If it is interpreted like "this is what I want" then, yes, this patch
does the right thing.
But if it is interpreted as "this is what I prefer" then, rejecting the
mount is not the right thing and will be seen as a regression.
The latter interpretation is not so uncommon, given there is not an easy
way to ask the kernel what is the default negotiation protocol and there
is not a way to blacklist protocols.
I planned to implement a blacklist mechanism (along with a preference
list) but it is overkill for the present purpose.

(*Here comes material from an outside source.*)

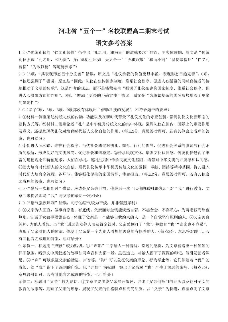 河北“五个一”名校联盟2024-2025学年高二7月期末语文试题质量较高,题型多样,将作为考察考生对相应考点的掌握程度,考后将及时整理试题及答案解析相关信息,以供考生学习交流!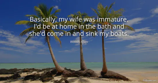Allen, Woody. (2026, February 20). Basically, my wife was immature. I'd be at home in the bath and she'd come in and sink my boats. FixQuotes. https://fixquotes.com/quotes/basically-my-wife-was-immature-id-be-at-home-in-15062/

My suggestion is to add an additional boolean to make this option
strict, so it would be possible to let old code use sec as a
suggestion while others can start adding the boolean if they prefer
failures over silent changes.
Obviously, this requires changes in doc and mount.cifs but could save
some headaches.
Regards,
Germano
On 12/08/2016 09:03 AM, Sachin Prabhu wrote:
> On Thu, 2016-12-08 at 02:06 -0600, Scott Lovenberg wrote:
>> On Thu, Dec 8, 2016 at 12:46 AM, Sachin Prabhu <sprabhu@xxxxxxxxxx>
>> wrote:
>>>
>>> If the security type specified using a mount option is not
>>> supported,
>>> the SMB2 session setup code changes the security type to
>>> RawNTLMSSP. We
>>> should instead fail the mount and return an error.
>>>
>>> Signed-off-by: Sachin Prabhu <sprabhu@xxxxxxxxxx>
>>> ---
>>> fs/cifs/smb2pdu.c | 3 ++-
>>> 1 file changed, 2 insertions(+), 1 deletion(-)
>>>
>>> diff --git a/fs/cifs/smb2pdu.c b/fs/cifs/smb2pdu.c
>>> index 5ca5ea46..e66fad6 100644
>>> --- a/fs/cifs/smb2pdu.c
>>> +++ b/fs/cifs/smb2pdu.c
>>> @@ -955,7 +955,8 @@ SMB2_sess_auth_rawntlmssp_authenticate(struct
>>> SMB2_sess_data *sess_data)
>>> static int
>>> SMB2_select_sec(struct cifs_ses *ses, struct SMB2_sess_data
>>> *sess_data)
>>> {
>>> - if (ses->sectype != Kerberos && ses->sectype != RawNTLMSSP)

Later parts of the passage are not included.